Now some words of advice: when you go to the ball game, please do not get up and down 400 times. There are people who actually WATCH the game and you will annoy them with your excessive movement.

There are certain areas of the ball park that get a lot of foul balls (off 1st and 3rd base especially). You better be watching or you might take a ball off your head, face etc. It will be extremely funny to those of us who know to watch.

Beer makes you pee. See request #1.

Never eat anything with the word "extreme" in the title. It only leads to "extreme" gastro-intestinal issues. I speak from experience. I'm just saying.

If a ball hits a foul pole in the outfield, it is a home run.

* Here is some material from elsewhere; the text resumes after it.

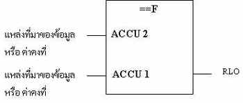 คำสั่งนี้จะใช้ในการเปรียบเทียบข้อมูลดิจิตอลภายในหน่วยความจำแอคคิวมูเลเตอร์ 1 (ACCU 1) กับหน่วยความจำแอคคิวมูเลเตอร์ 2 (ACCU 2 ) สถานะเอ้าท์พุทของการเปรียบเทียบจะเก็บไว้ที่ผลลัพธ์การปฏิบติการลอจิก (RLO) เมื่อการเปรียบเทียบ เป็นจริง (True) สถานะเอ้าท์พุทจะเป็น “1” ถ้าการเปรียบเทียบเป็นเท็จ (False) สถานะ เอ้าท์พุทจะเป็น “0”

The infield fly rule is complicated. It was created to do away with easy outs. Here it is: If there are runners on base (and some will say that the bases have to be loaded) and there are less than 2 outs and the infielder can catch the fly ball with ordinary effort, the batter will be out. The runners may advance at their own risk (and I have actually scored a run like this because the short stop didn't know the rule)

This should provide you with some basic knowledge of the game. I will have commentary as the season progresses.

Sunday, April 02, 2006

AN OPENING DAY PRAYER

Dear God,

We give thanks that another baseball season is upon us and we pray that opening day across the board has sunny weather and no rain outs and no hour long lines for beer (psffft--sure, that one's gonna happen). We pray that since the Boston Red Sox and the Chicago White Sox have each won a world series recently, that it is the Chicago Cubs turn now.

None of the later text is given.